I know senior developers that are very radical on some nonsense patterns they think are much better than others. If they see code that don't follow them, they say it's trash.

Even so, you can guide the LLM to write the code as you like.

And you are wrong, it's a lot on how people write the prompt.

> you are overestimating the skill of code review.

“You are overestimating the skill of [reading, comprehending, and critically assessing code of a non-guaranteed quality]” is an absurd statement if you properly expand out what “code review” means.

I don’t care if you code review the CSS file for the Bojangles online menu web page, but you better be code reviewing the firmware for my dad’s pacemaker.

This whole back and forth with LLM-generated code makes me think that the marginal utility of a lot of code the strong proponents write is <1¢. If I fuck up my code, it costs our partners $200/hr per false alert, which obliterates the profit margin of using our software in the first place.

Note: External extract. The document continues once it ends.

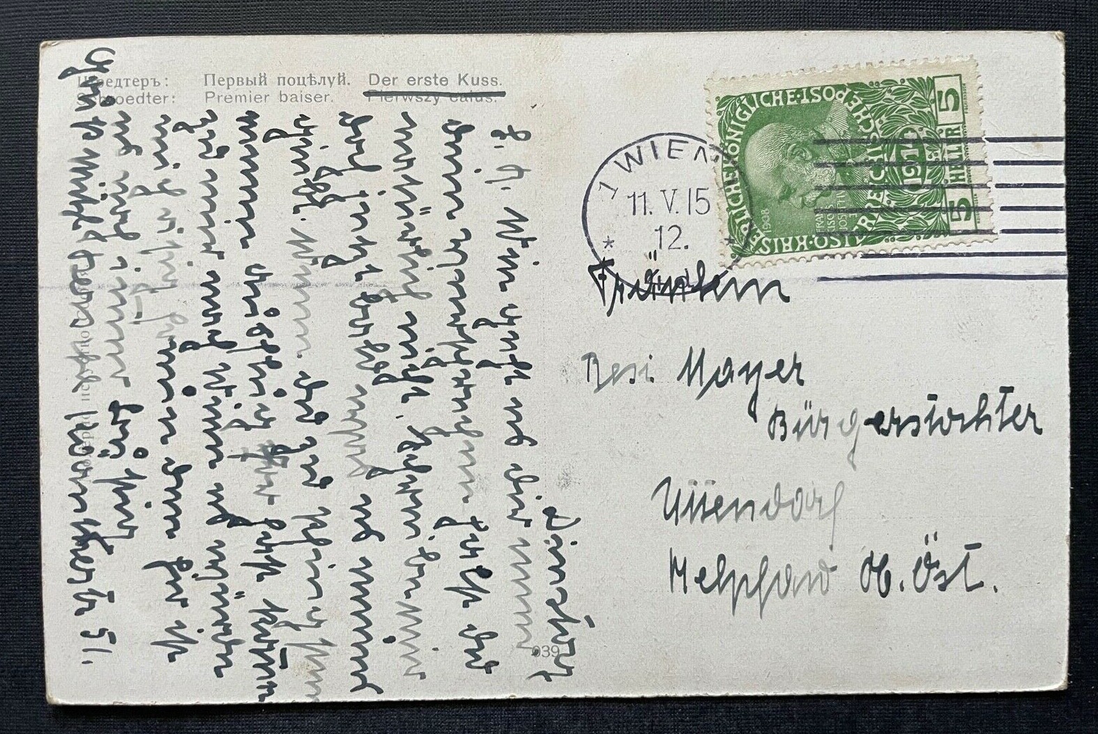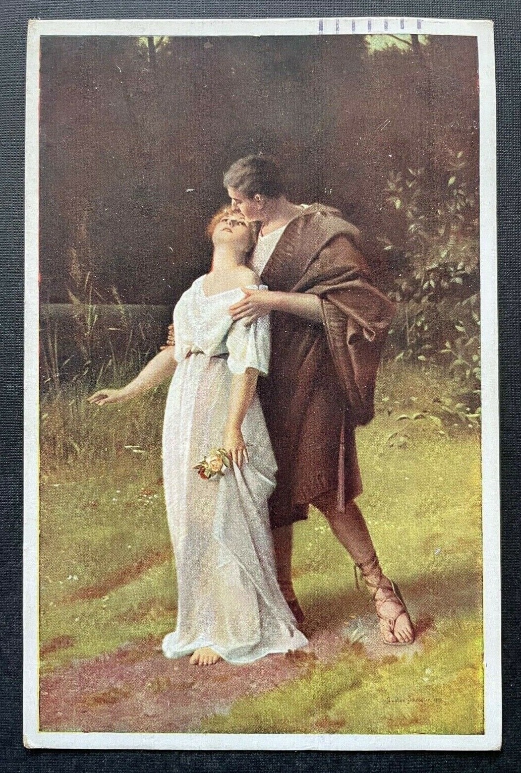 Malerei Der erste Kuss Schroedter Mann Frau Paar Kleid Umhang Natur 400390 TH

By far most of the code LLMs write is for crappy crud apps and webapps not pacemakers and rockets

We can capture enough reliability on what LLMs produce there by guided integration tests and UX tests along with code review and using other LLMs to review along with other strategies to prvent semantic and code drift

Do you know how much crap wordpress ,drupal and Joomla sites I have seen?

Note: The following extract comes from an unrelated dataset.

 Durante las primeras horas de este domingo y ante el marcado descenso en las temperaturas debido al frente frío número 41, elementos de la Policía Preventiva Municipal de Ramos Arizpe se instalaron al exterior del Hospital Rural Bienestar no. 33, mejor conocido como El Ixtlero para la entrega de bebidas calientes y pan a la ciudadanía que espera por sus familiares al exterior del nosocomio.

Just that work can be automated away

But Ive also worked in high end and mission critical delivery and more formal verification etc - that’s just moving the goalposts on what AI can do- it will get there eventually

Last year you all here were arguing AI Couldn’t code - now everyone has moved the goalposts to formal high end and mission critical ops- yes when money matters we humans are still needed of course - no one denying that- its the utility of the sole human developer against the onslaught of machine aided coding

This profession is changing rapidly- people are stuck in denial

> that’s just moving the goalposts on what AI can do- it will get there eventually

This is the nutshell of your argument. I’m not convinced. Technologies often hit a ceiling of utility.

Imagine a “progress curve” for every technology, x-axis time and y-axis utility. Not every progress curve is limitlessly exponential, or even linear - in fact, very few are. I would venture to guess that most technological progress actually mimics population growth curves, where a ceiling is hit based on fundamental restrictions like resource availability, and then either stabilizes or crashes.

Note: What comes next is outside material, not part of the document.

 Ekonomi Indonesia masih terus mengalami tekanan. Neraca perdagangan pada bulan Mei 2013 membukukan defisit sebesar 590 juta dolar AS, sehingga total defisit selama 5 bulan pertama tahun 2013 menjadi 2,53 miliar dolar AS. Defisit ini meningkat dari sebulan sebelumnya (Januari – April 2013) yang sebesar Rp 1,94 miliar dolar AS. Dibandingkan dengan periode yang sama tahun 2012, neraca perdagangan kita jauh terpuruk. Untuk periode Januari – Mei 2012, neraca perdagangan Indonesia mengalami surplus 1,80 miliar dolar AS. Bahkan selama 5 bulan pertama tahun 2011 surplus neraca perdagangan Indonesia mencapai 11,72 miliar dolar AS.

I don’t think LLMs are the AI endgame. They definitely have utility, but I think your argument boils down to a bold prediction of limitless progress of a specific technology (LLMs), even though that’s quite rare historically.

I agree that LLM architecture might hit a ceiling (although the trajectory is still upward at present) but I meant Deep Learning in general

I do think there is a great deal of VC baiting hype in statements by Dario and Altman about ai coding but at the same time the progress has indeed been positive

We've finally proven or unlocked the secret to learning in machines - the only question is how fast that progress curve is - yes it might get stuck for a few years but I think this is really an inflection point that we’ve reached with these technologies

> Developers who have experience reviewing code are more likely to find problems immediately and complain they aren't getting great results without a lot of hand holding

this makes me feel better about the amount of disdain I've been feeling about the output from these llms. sometimes it popsout exactly what I need but I can never count on it to not go offrails and require a lot of manual editing.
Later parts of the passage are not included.